It’s hard to say exactly why hiking is such a popular pastime in the U.S. It could be the accessibility; there are hundreds of major countless and trails marked and unmarked offshoots. It could be that getting started is as easy as putting one foot in front of the other, but challenging treks will keep even the most expert hiker on their toes. Maybe it’s witnessing the beauty and diversity of nature with the land beneath your feet. In our list of great American hikes, we sought to provide an array of trails that would appeal to everyone. We carefully selected hikes in each corner of the U.S., we chose both day hikes and those that could take an entire week, and we tracked down trails for all skill levels. This list is based in opinion and is meant to serve as inspiration for your adventures.

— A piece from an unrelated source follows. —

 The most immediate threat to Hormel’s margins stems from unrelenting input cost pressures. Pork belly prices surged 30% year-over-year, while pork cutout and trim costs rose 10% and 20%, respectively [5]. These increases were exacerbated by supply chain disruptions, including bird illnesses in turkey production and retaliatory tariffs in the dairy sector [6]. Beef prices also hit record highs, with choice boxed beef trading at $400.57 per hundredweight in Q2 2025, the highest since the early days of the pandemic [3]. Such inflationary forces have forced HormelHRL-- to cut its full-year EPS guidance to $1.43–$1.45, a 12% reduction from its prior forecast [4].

The Cascade Range or Cascades is a major mountain range of western North America, extending from southern British Columbia through Washington and Oregon to Northern California. It includes both non-volcanic mountains, such as the North Cascades, and the notable volcanoes known as the High Cascades. The small part of the range in British Columbia is referred to as the Canadian Cascades or, locally, as the Cascade Mountains. The latter term is also sometimes used by Washington residents to refer to the Washington section of the Cascades in addition to North Cascades, the more usual U.S. term, as in North Cascades National Park. The highest peak in the range is Mount Rainier in Washington at 14,411 feet (4,392 m).

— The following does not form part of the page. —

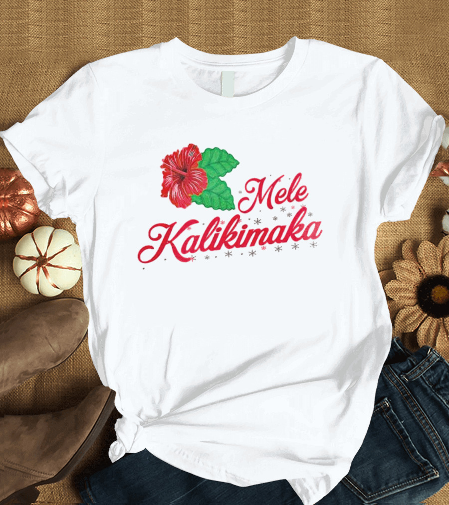 Mele Kalikimaka Red Hibiscus Flower With Green Leaves T-Shirt

Long Trail, Jay Peak Long Trail North
The “footpath in the wilderness” was established in the early 1900s, making it the oldest long-distance trail in the United States. The Long Trail is a hiking trail located in Vermont, running the length of the state. It is the oldest long-distance trail in the United States, constructed between 1910 and 1930 by the Green Mountain Club. The club remains the primary organization responsible for the trail, and is recognized by the state legislature as “the founder, sponsor, defender, and protector” of the Long Trail System. The Long Trail is maintained primarily by the Green Mountain Club. Twelve club sections maintain assigned sections of the Long Trail – two other club sections maintain the trails in Vermont’s Northeast Kingdom and the Appalachian Trail from Maine Junction in Killington to the Connecticut River. Although roughly 1,000 volunteers perform most of the club’s trail work, the club also employs a staff to handle day-to-day operations and a seasonal staff of summit caretakers and the Long Trail Patrol which works on heavy duty projects on the trail.

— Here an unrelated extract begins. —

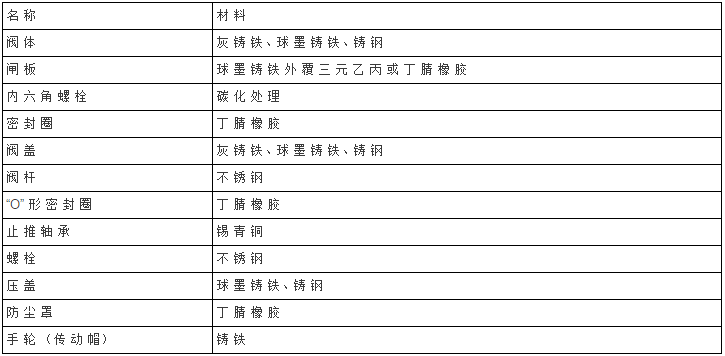 Z45X暗桿彈性座封閘閥的主要零件材料表: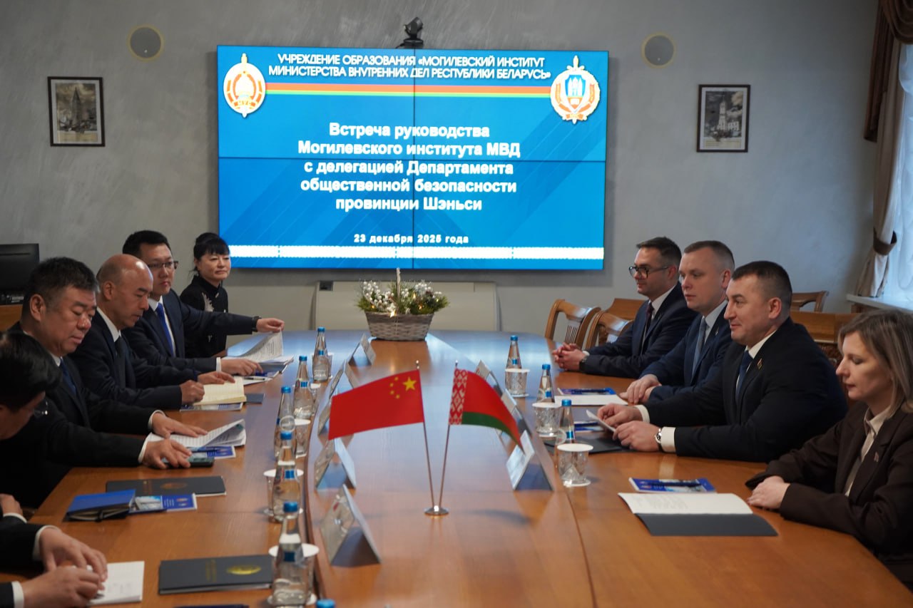 Делегация Департамента общественной безопасности провинции Шэньси Министерства общественной безопасности Китайской Народной Республики 23 декабря посетила Могилевскую область. В управлении внутренних дел региона гостей приветствовал начальник УВД Игорь Щербаченя. Основной темой визита стало развитие практического взаимодействия между правоохранительными органами двух стран.

The Green Mountain Club also receives assistance from the Vermont Department of Forests, Parks and Recreation, U.S. Forest Service, National Park Service, Appalachian Trail Conservancy, and private landowners. During the mud season in late Spring, some sections of the trail are closed to hikers, to protect the trail from both erosion and to protect nearby flora from being damaged (especially the higher peaks that possess fragile alpine tundra). The 270 mile Long Trail is America’s oldest long-distance hiking path which stretches along the spine of the Green Mountains, the full length of Vermont from the Massachusetts state line to the Canadian Border. The trailhead and parking area for this section along Jay Peak is located on Vermont Route 242 at the height of land in Jay Pass. From here, the Long Trail climbs north to the open summit of Jay Peak (elev. 3858′) and beyond to the Canadian border. Follow the Long Trail north past a spur trail to Jay Camp, an overnight shelter for thru-hikers, and continue upwards through the changing forest to a ski trail intersection.
Old Rag Mountain
Old Rag Mountain is a popular hiking destination with a summit elevation of 3,291 feet (1,003 m), located in the Blue Ridge Mountains of the Shenandoah National Park in Virginia’s Madison County, near Sperryville. In contrast to most mountains of the Blue Ridge, Old Rag has an exposed (rocky) summit. Old Rag is Shenandoah’s most popular and most dangerous hike. The number of blogs and websites about this hike attests to its popularity. The number of search and rescue missions each year attests to its danger. There’s no doubt that the scramble is great fun and the views are spectacular. A day on Old Rag is one of Shenandoah’s premier experiences. We want to be sure that your experience is not marred by an accident or health issue that could be prevented with good planning.